### [Task objective]
Reproduce the entries beneath exactly, without their images.

(Extracted data entries)
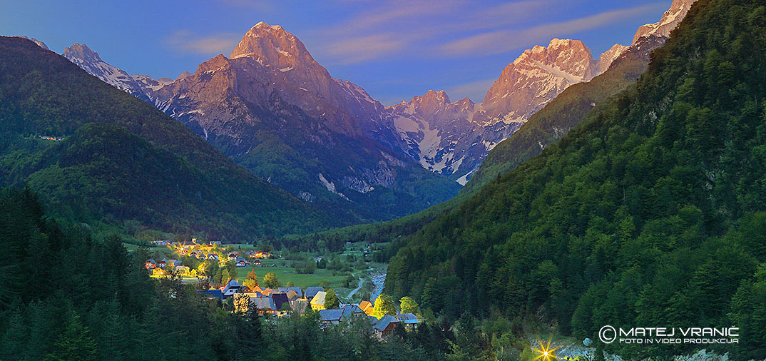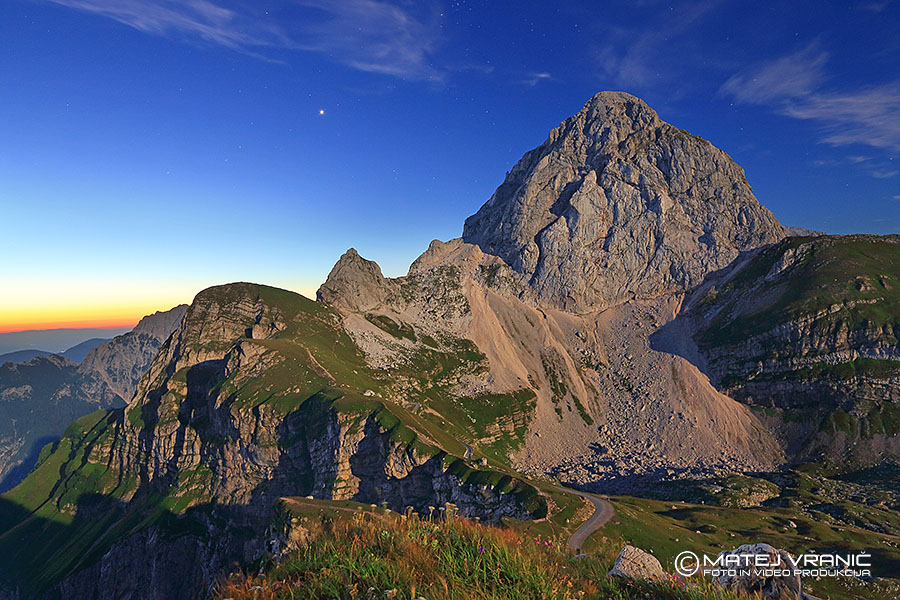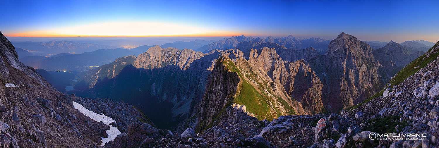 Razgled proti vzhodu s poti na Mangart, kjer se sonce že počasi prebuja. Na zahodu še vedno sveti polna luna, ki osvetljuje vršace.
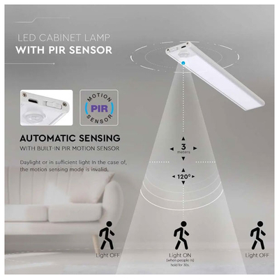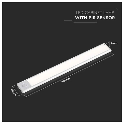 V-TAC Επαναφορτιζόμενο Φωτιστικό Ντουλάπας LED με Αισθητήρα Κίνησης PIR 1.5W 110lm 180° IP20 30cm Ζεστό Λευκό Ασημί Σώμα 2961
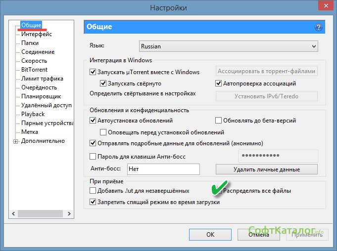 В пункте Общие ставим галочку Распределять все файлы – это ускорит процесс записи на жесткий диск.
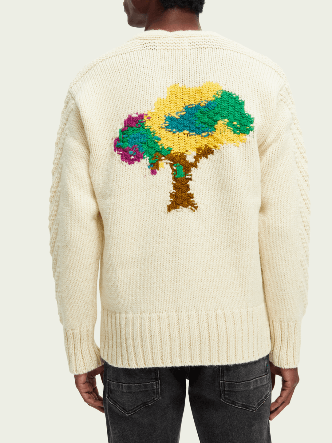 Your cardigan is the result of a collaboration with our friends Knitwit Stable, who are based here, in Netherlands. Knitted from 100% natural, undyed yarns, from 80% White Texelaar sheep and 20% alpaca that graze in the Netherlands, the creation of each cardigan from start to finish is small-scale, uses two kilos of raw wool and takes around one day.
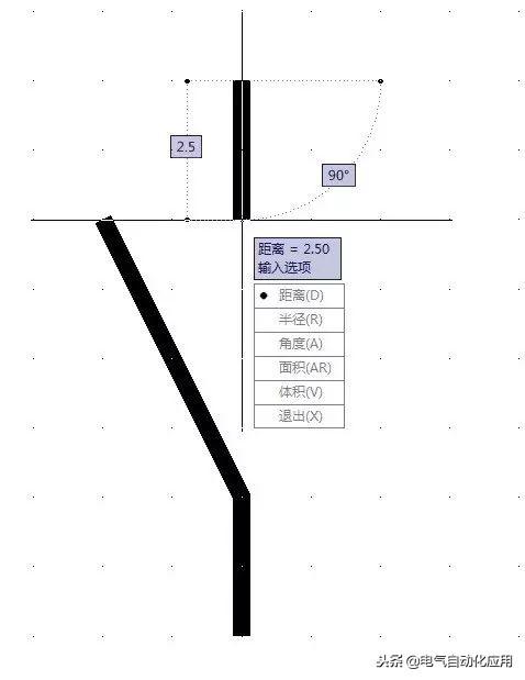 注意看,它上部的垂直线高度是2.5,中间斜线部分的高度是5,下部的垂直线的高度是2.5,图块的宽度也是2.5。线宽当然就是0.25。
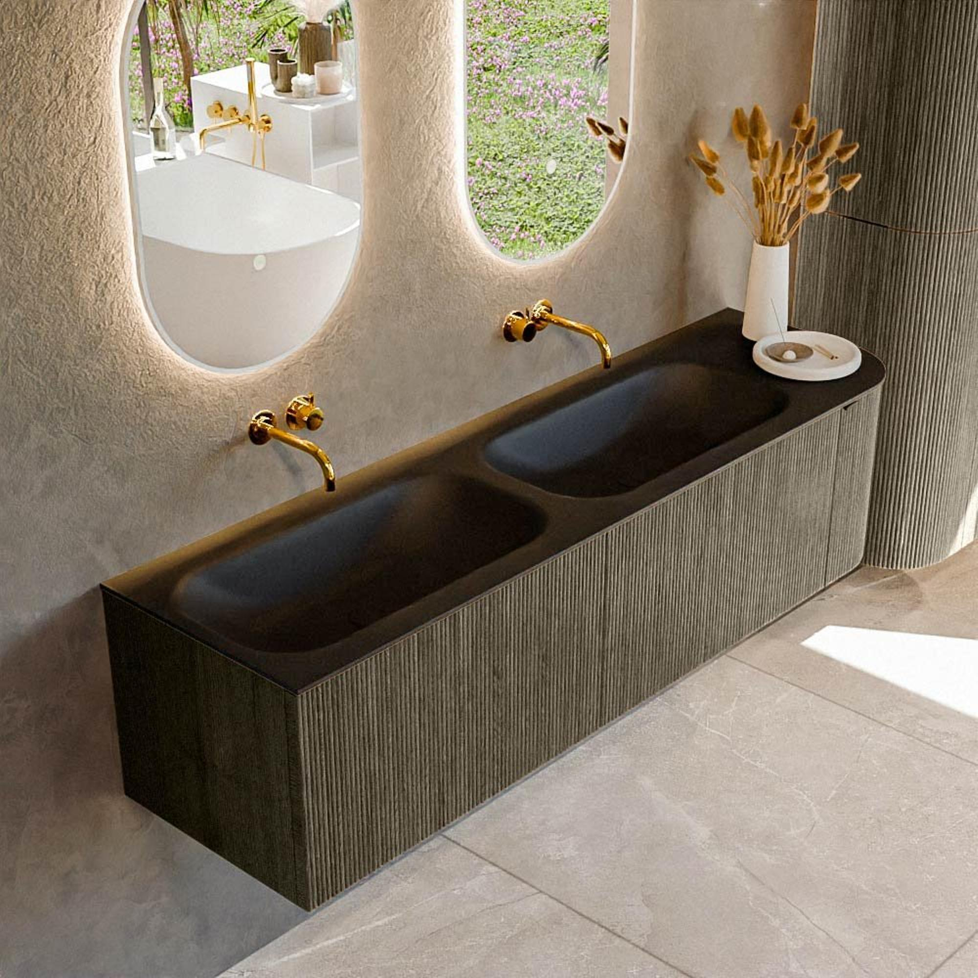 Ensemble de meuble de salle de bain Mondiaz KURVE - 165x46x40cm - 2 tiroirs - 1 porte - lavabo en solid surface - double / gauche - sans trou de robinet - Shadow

### [Output for this exercise]
 Razgled proti vzhodu s poti na Mangart, kjer se sonce že počasi prebuja. Na zahodu še vedno sveti polna luna, ki osvetljuje vršace.
 V-TAC Επαναφορτιζόμενο Φωτιστικό Ντουλάπας LED με Αισθητήρα Κίνησης PIR 1.5W 110lm 180° IP20 30cm Ζεστό Λευκό Ασημί Σώμα 2961
 В пункте Общие ставим галочку Распределять все файлы – это ускорит процесс записи на жесткий диск.
 Your cardigan is the result of a collaboration with our friends Knitwit Stable, who are based here, in Netherlands. Knitted from 100% natural, undyed yarns, from 80% White Texelaar sheep and 20% alpaca that graze in the Netherlands, the creation of each cardigan from start to finish is small-scale, uses two kilos of raw wool and takes around one day.
 注意看,它上部的垂直线高度是2.5,中间斜线部分的高度是5,下部的垂直线的高度是2.5,图块的宽度也是2.5。线宽当然就是0.25。
 Ensemble de meuble de salle de bain Mondiaz KURVE - 165x46x40cm - 2 tiroirs - 1 porte - lavabo en solid surface - double / gauche - sans trou de robinet - Shadow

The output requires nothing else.